Arecaidian Fox said:


> The game in question has an IPS patch applied, adding color, alternate graphics and alternate music. It works fine on most other emulators, save for those where you can't override the mode (regular, Color, SGB, etc.).


It would help if you linked to the patch in question. As others have said, it sounds like something is wrong with it if emulators aren't automatically detecting it as a GBC rom.

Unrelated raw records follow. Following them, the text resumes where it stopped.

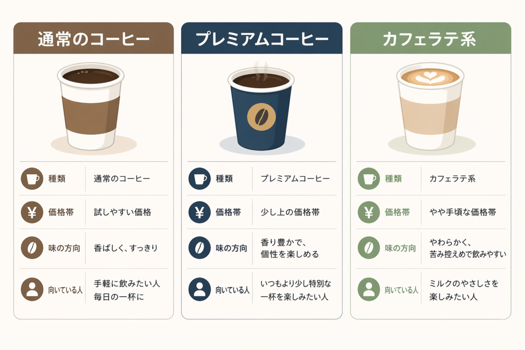 | プレミアムコーヒー | 少し上 | 個性や香りを楽しみやすい | せっかくなら違いを感じたい人 |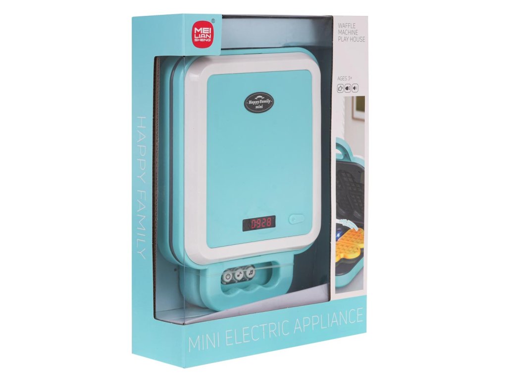 - suitable for children from 3 years of age, - excellently made with attention to detail, - safe for children, - sound effects: sound of frying waffles, sound of frying ending, - light effects: blue backlit panel with function buttons, diodes inside the waffle maker , - looks like the real thing, - imitates baking waffles. |
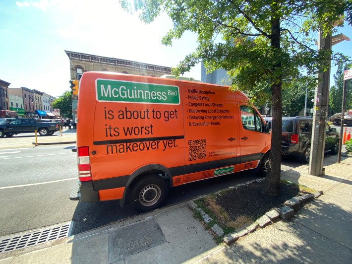 Facts aside, “Keep McGuinness Moving” has come out in force across the neighborhood — hanging up banners, detailing a van with anti-redesign messages, and setting up a stand at the corner of McGuinness and Nassau Avenue to talk to passersby.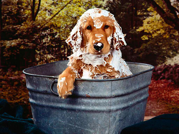 11 - Massagem relaxante – Uma massagem bem gostosa ajuda a espalhar o shampoo e remover a sujeira, mas o melhor é o carinho que você dá para o bichão. Você também pode usar a Rasqueadeira de Borracha para fazer a massagem, mas sempre termine usando seus dedos, pois nada é igual à mão da pessoa amada (pelo cão);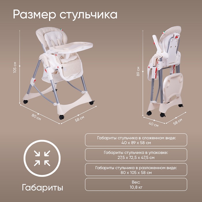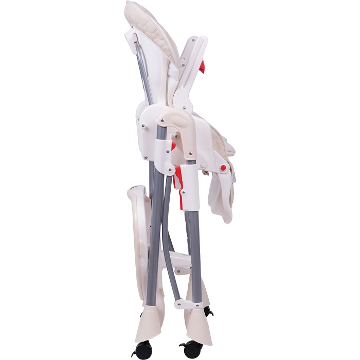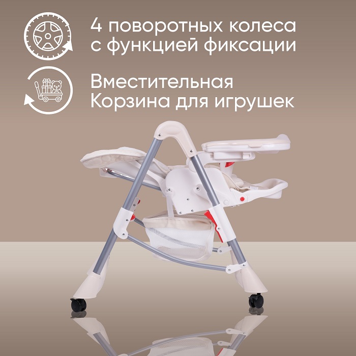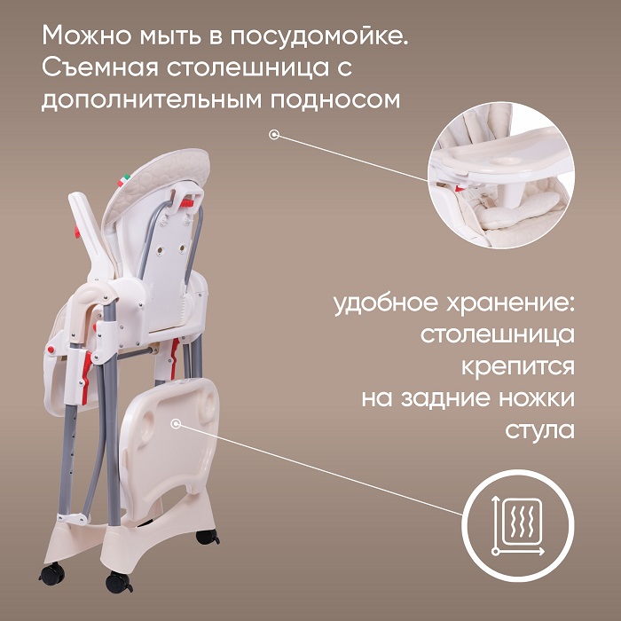 Стульчик оснащен 4 мобильными колесами со стопорами. Он легко передвигается по кухне, а при необходимости надежно фиксируется. Складывается стульчик легко и просто. В сложенном виде не занимает много места. Для более компактного хранения столик фиксируется на раме стульчика.

It's possible that changing byte 0x143 in the rom header to 0xC0 or 0x80 will fix it, although you'd need to fix the header checksum as well (assuming VC checks for that).


----------



## Arecaidian Fox (Dec 28, 2016)

Drenn said:


> It would help if you linked to the patch in question. As others have said, it sounds like something is wrong with it if emulators aren't automatically detecting it as a GBC rom.
> 
> It's possible that changing byte 0x143 in the rom header to 0xC0 or 0x80 will fix it, although you'd need to fix the header checksum as well (assuming VC checks for that).


Yeah, I used info provided earlier to change that byte, but I didn't realize I'd need to change the checksum as well (never done this before). Anyway, this is the patch in question.


----------



## Drenn (Dec 28, 2016)

Arecaidian Fox said:


> Yeah, I used info provided earlier to change that byte, but I didn't realize I'd need to change the checksum as well (never done this before). Anyway, this is the patch in question.

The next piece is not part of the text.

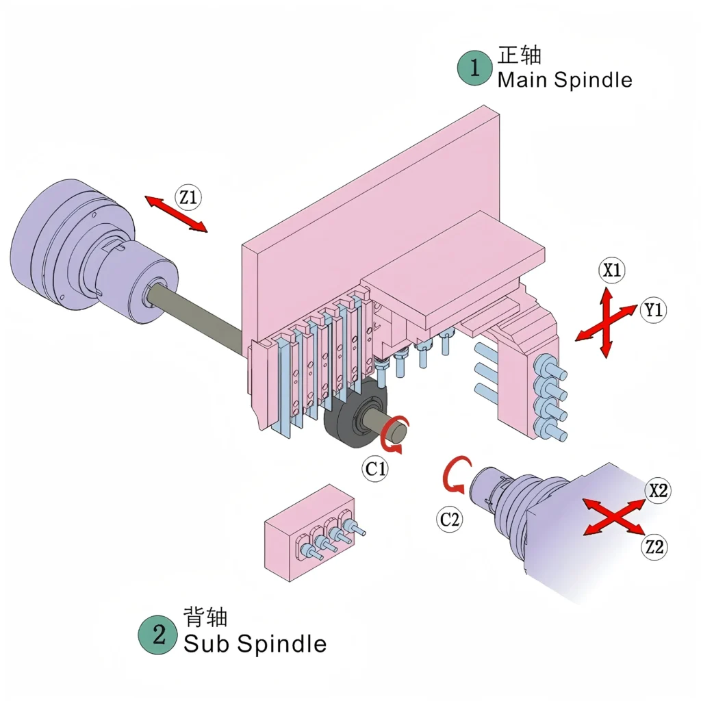 CNC Swiss lathe: Adopt a multi-position powered tool post layout surrounding the spindle. These tool posts can work simultaneously or sequentially and are equipped with a sub-spindle. After the main spindle completes machining at one end of the workpiece, the sub-spindle takes over and immediately begins machining at the other end that finishes all operations in a single setup.
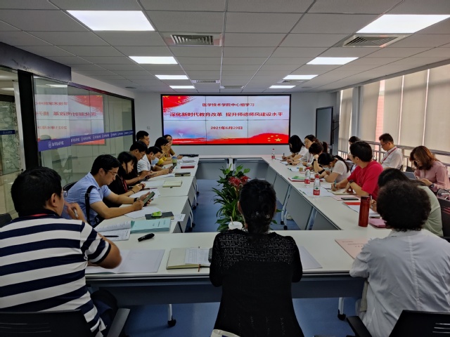 为深入学习贯彻《习近平总书记关于师德师风的重要论述摘编》精神,医学技术学院于2021年6月29日12:00在北苑4507进行了“深化新时代教育改革 提升师德师风建设水平”为题中心组学习。本次学习由院长、书记刘敏娟主持,中心组全体成员出席。

Oh. That isn't a gameboy color hack. Just like the original pokemon red and blue, it supports colorization through the Super Gameboy, not the Gameboy Color. VC doesn't support the super gameboy. On the other hand, this should work on VC.


----------



## raulpica (Dec 28, 2016)

Drenn said:


> Just like the original pokemon red and blue, it supports colorization through the Super Gameboy, not the Gameboy Color.


As soon as I saw the thread title, I knew that was the issue  Too bad I didn't notice the thread earlier!

Took me a long time to find out that my fav GB games were being colorised thanks to the SGB mode, and not GBC, when I was a kid!


----------



## Lumstar (Dec 28, 2016)

Heh, yeah. Super Gameboy is totally different hardware from Gameboy Color.
Its colors are applied using the SNES palette, and the final image goes through the SNES video output. You might've wondered why SGB doesn't need a separate AV cable.


----------



## memelord21213 (Feb 9, 2021)

I'm having the same issue with sml2 dx (jp version)


----------